Top of DATA FOR THIS EXERCISE
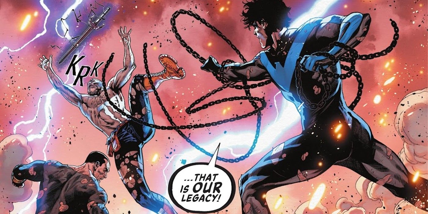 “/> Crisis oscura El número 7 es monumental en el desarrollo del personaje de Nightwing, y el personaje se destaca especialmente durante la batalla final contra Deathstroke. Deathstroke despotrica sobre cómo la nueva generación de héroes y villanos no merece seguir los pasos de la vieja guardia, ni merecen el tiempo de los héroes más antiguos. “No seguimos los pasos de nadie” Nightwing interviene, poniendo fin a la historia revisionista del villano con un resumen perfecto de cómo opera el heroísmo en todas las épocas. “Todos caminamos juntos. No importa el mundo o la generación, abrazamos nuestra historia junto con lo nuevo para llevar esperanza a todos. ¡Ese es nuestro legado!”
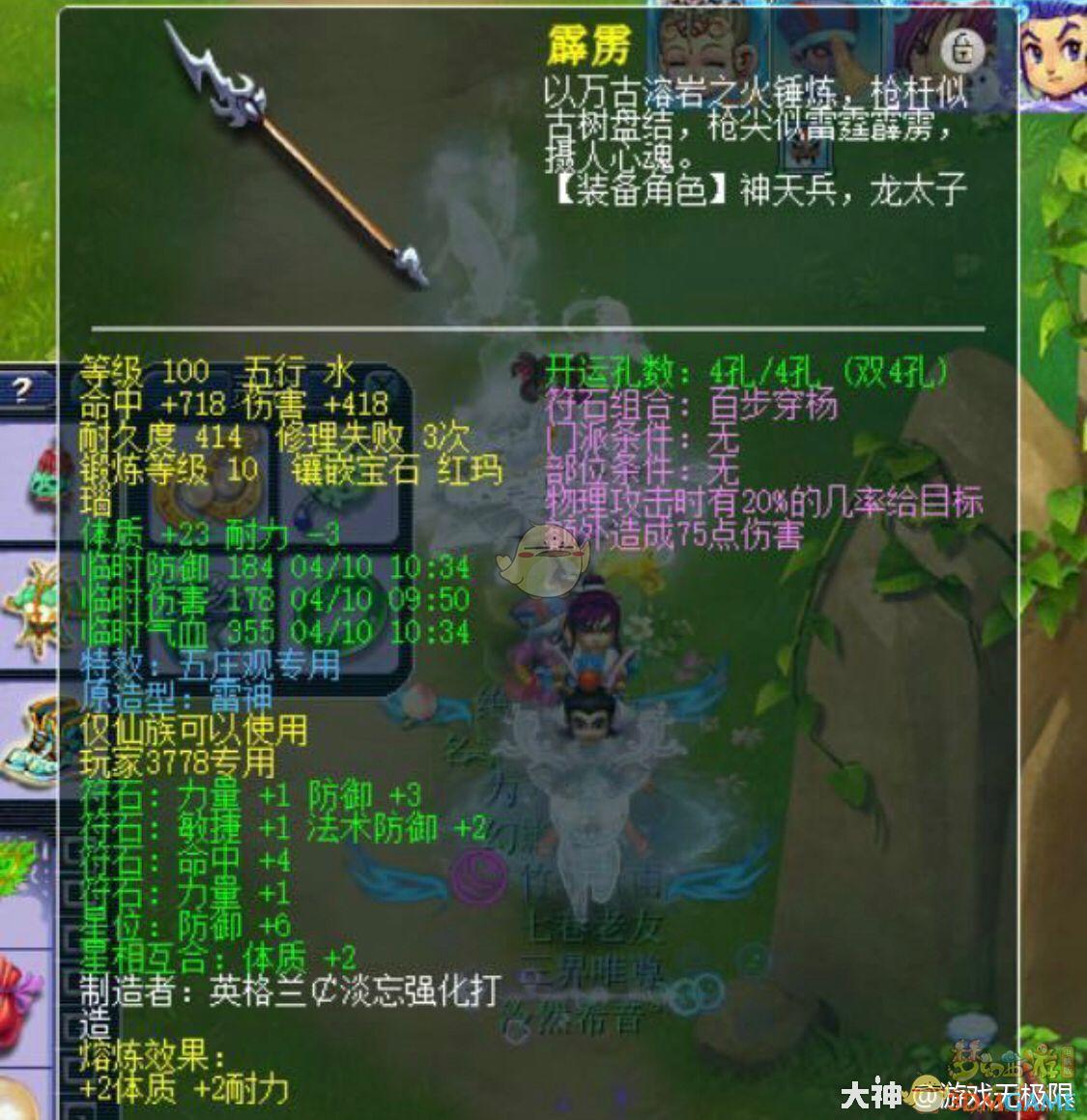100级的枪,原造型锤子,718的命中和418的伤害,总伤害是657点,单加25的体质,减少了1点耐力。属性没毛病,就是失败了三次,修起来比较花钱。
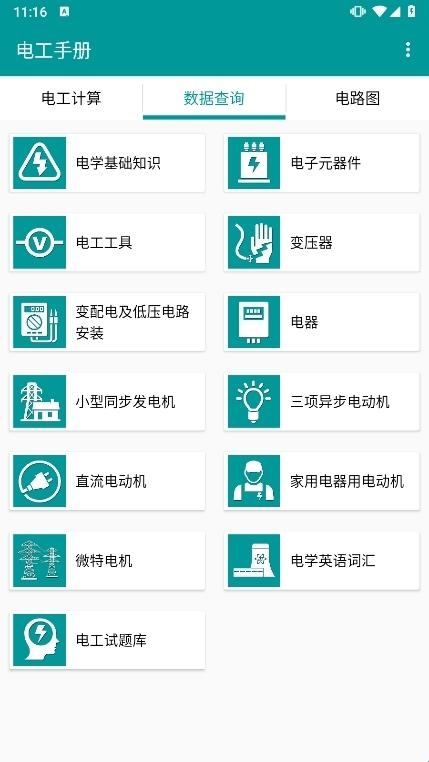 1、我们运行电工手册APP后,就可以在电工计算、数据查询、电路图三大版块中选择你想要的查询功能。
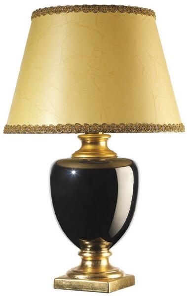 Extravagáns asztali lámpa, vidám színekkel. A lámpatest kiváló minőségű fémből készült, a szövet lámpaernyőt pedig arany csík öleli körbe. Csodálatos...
Bottom of DATA FOR THIS EXERCISE
Top of DATA FOR THIS EXERCISE
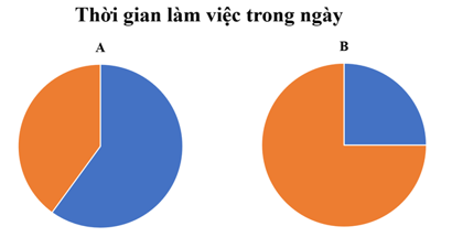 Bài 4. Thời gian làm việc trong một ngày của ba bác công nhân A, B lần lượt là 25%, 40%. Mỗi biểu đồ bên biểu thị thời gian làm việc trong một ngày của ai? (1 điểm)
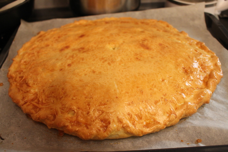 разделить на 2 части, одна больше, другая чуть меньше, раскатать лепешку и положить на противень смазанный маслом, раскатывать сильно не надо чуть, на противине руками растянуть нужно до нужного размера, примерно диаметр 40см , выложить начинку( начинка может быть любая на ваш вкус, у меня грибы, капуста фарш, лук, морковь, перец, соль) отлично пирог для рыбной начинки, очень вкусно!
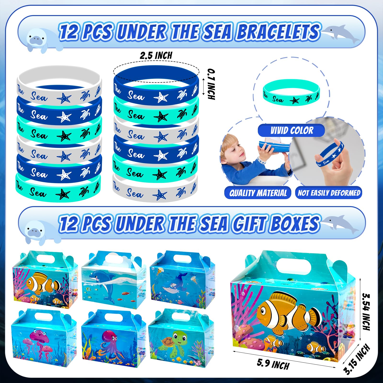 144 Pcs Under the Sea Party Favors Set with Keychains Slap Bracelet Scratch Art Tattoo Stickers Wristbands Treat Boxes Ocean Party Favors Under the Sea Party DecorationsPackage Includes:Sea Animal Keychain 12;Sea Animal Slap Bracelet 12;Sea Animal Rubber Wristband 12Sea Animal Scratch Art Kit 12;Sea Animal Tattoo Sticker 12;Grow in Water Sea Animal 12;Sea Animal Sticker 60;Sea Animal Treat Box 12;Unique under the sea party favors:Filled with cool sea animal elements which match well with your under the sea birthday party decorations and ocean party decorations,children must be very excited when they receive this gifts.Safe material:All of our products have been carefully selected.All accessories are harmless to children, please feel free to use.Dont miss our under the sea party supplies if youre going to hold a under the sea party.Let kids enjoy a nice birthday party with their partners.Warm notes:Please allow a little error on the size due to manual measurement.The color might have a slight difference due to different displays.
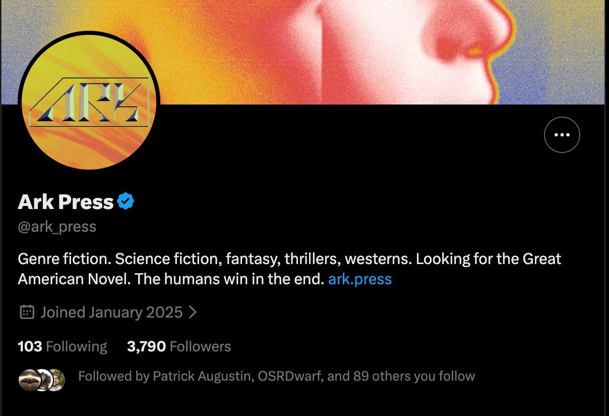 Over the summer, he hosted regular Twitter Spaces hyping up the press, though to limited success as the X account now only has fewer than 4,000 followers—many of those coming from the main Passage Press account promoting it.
Bottom of DATA FOR THIS EXERCISE
- _TASK_: Working from the records above, set down word for word everything from the line containing "1、我们运行电工手册APP后" down to the line containing "Extravagáns asztali lámpa, vidám", ends included, minus the pictures.

- _WRITTEN RESPONSE_:
 1、我们运行电工手册APP后,就可以在电工计算、数据查询、电路图三大版块中选择你想要的查询功能。
 Extravagáns asztali lámpa, vidám színekkel. A lámpatest kiváló minőségű fémből készült, a szövet lámpaernyőt pedig arany csík öleli körbe. Csodálatos...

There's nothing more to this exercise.